Most people had probably not heard of "Food Education" until then. It was the army physician and doctor of Chinese medicine, Ishizuka Sagen, who coined the term at the end of the 19th century when he declared that physical growth, mental growth and development of capabilities and aptitude all depended on food education. This was the start of Food Education. Tokyo University had just been established and daily nutrition was not entirely adequate, and the scientific validity of his ideas was still not fully known.

After food education gained currency, the daily diet of children became a major issue for discussion and two problems were identified: first, commercials for high-calorie food with poor nutritional content that targeted children, and second, food additives and preservatives. The first is thought to be related to child obesity and metabolic syndrome, and the latter to attention deficit syndrome (ADHD). As a result, many countries began to stop the advertisements and food additives.

Considered in this light, food education is an issue that reflects both positive and negative aspects of scientific and technological progress. In other words, it is the adverse side of a materially affluent society. And it is understandable that there would be a strong move to "return to nature," advocating, for instance, food grown with organic, not chemical fertilizer.

And of course, this means that babies should also be nourished by breast milk rather infant formula. When I was a physician in the mid-1970s, the British medical journal, Lancet, published an article stating that breastfeeding was the starting point for food education. When infants begin nursing, the protein concentration of breast milk remains relatively stable, but fat and pH levels rise, and with less acidity, it becomes creamier.

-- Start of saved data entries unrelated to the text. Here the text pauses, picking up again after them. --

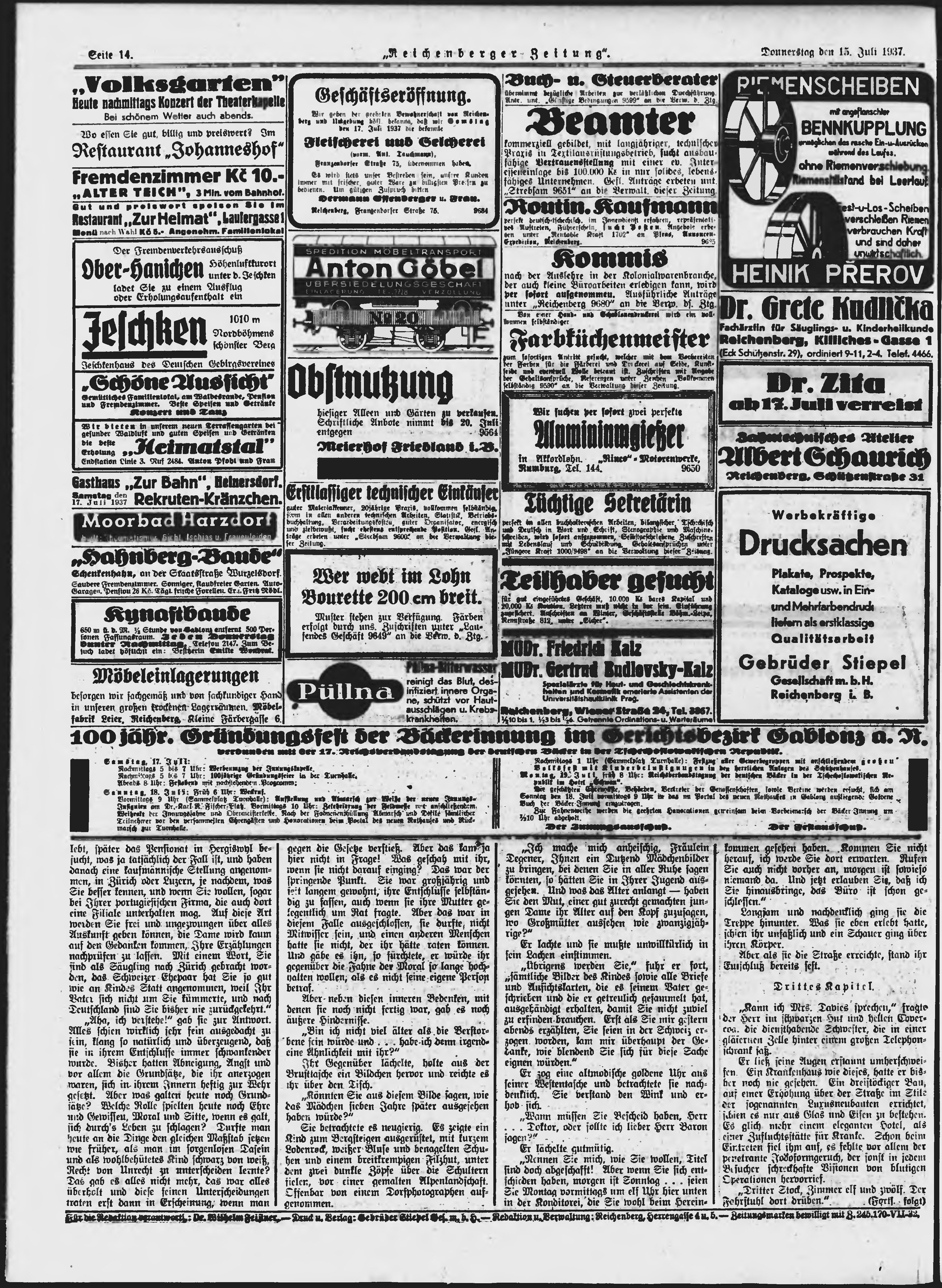 * Datum vydání výtisku: 15.7.1937 Číslo výtisku: 164 Poznámky k výtisku: ranní vydání;
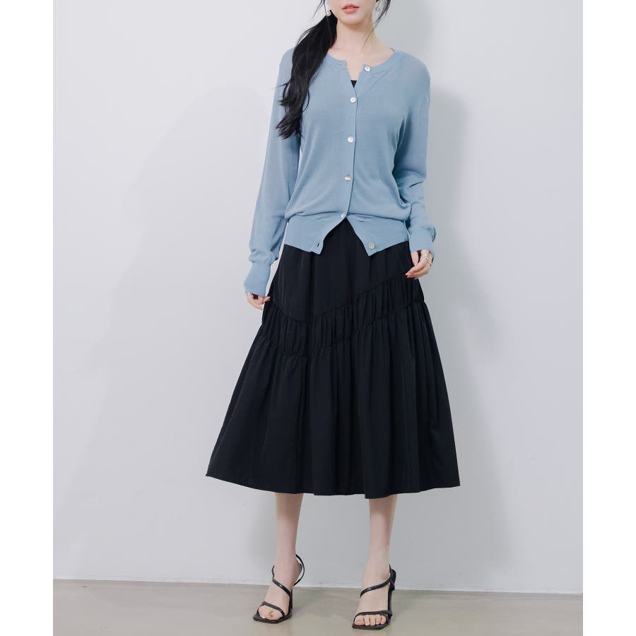 裾をブラウジングして短めの着丈で合わせるのもおすすめです。
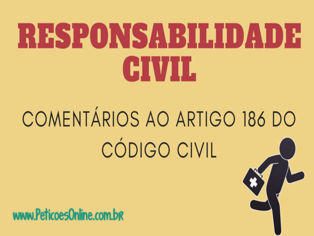 Aquele que, por ação ou omissão voluntária, negligência ou imprudência, violar direito e causar dano a outrem, ainda que exclusivamente moral,. Webo código civil brasileiro traz em seu artigo 186 a definição de responsabilidade civil, estabelecendo que aquele que, por ação ou omissão voluntária,. Webnovo código civil comentado (lei n. Webpesquisar e consultar sobre acidente de transito artigo 186 e 927 indenização. Acesse o jusbrasil e tenha acesso a notícias, artigos,. Código civil comentado artigo por artigo nelsonrosenvald/ felipebraganetto. Livro ii dos bens. Título único das diferentes. Aquele que, por ação ou omissão voluntária, negligência ou imprudência, violar direito e causar dano a outrem, ainda que exclusivamente moral, comete ato ilícito. É anulável a venda de ascendente a descendente, salvo se os outros descendentes e o cônjuge do alienante expressamente houverem consentido.
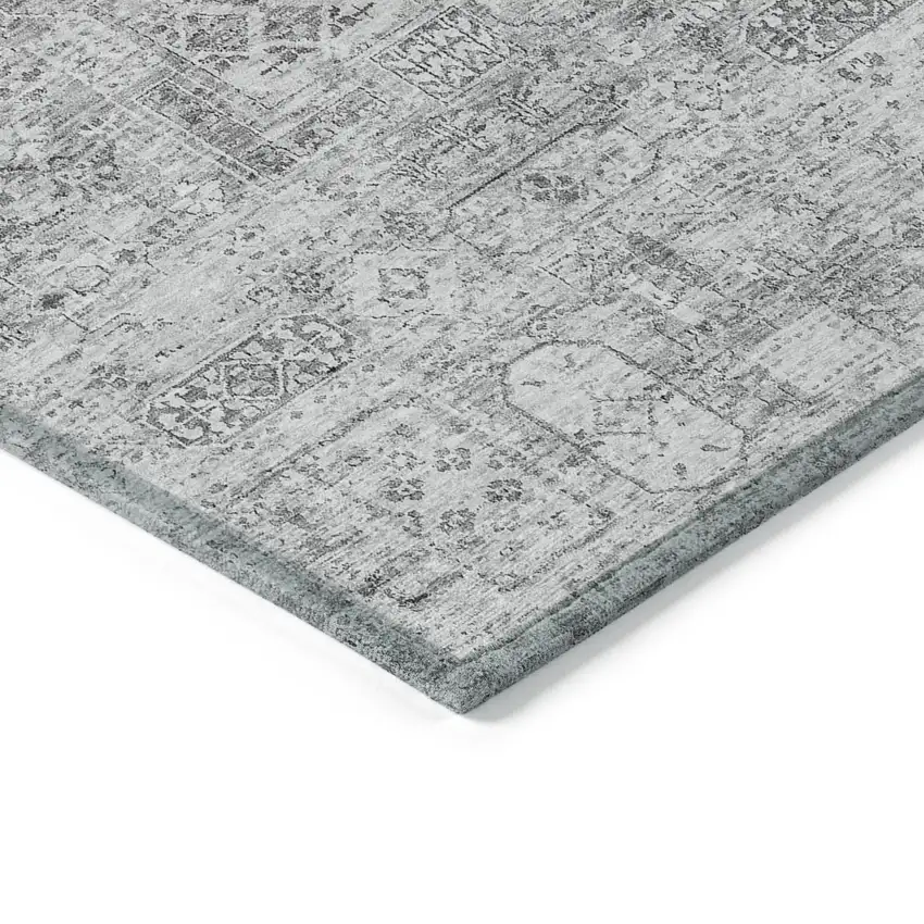Set an inviting tone in your space with this 8-foot x 10-foot gray silver and charcoal floral washable indoor outdoor area rug. This rectangle shaped rug features a floral design that will work well both indoors or out. A classic shape marries with good looking design for your living room, hall, bedroom, porch, patio, or poolside. Ideal for outdoor spaces or high traffic areas with kids and pets, this rug is made from heavy duty polyester that is stain resistant to help repel water, dirt, and stains. Versatile in use, durable, and easy to maintain, this rug is an ideal solution to add a decorative and inviting touch to your indoor or outdoor space. 96-inch h x 120-inch w x 0.19-inch d.
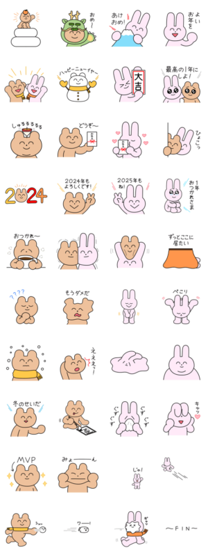年末年始につかえるうさぎとくまのスタンプです。みなさんの2024年がよい1年になりますように。(あけおめスタンプ2024対象)
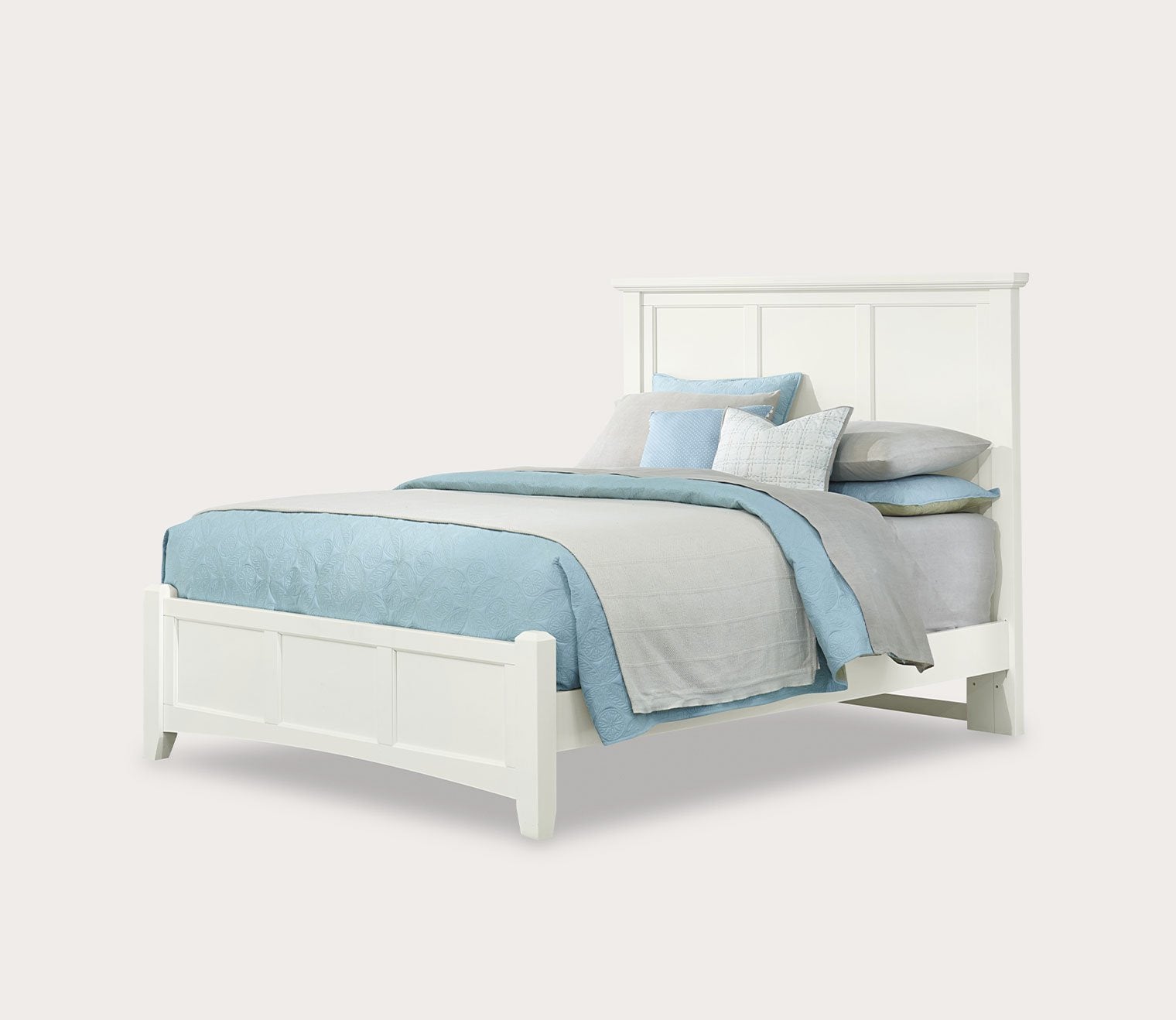 Anchor your bedroom in the minimal, Shaker-inspired simplicity of Vaughan Bassett's Low Profile Wood Paneled Bed in white. Featuring a classic headboard and footboard with recessed panels— this white wood bed set's tasteful moldings create a transitional appeal that works well in coastal, traditional, and farmhouse interior aesthetics. Sustainably handmade in the USA, the high-quality construction of North American hardwood, cherry veneers, and solid poplar wood accommodate your preferred mattress and box spring with strength and stability for generations to come.

In other words, the change in the flavor of breast milk is a sign that tells the infant when nursing has begun and ended. This is not the case with infant formula. It tastes the same from start to finish, so that infant keeps drinking until satiated. This is most likely related to later obesity. It also indicates that breastfeeding is food education at the beginning of the child's life.

In this light, breastfeeding can also be considered the transmission of food culture. Breast milk contains the very small amounts of the ingredients that may also teach the infant the tastes that are important in each food culture: red chili pepper in kimchi food culture, curry in curry food cultures, and miso and soy sauce where miso and soy sauce are used.

Although human beings are special animals, it is still important to coexist with nature. Food education, which is essential to the growth and development of children's healthy emotional and physical development, should begin with breastfeeding, which is start of their lifetime eating habits.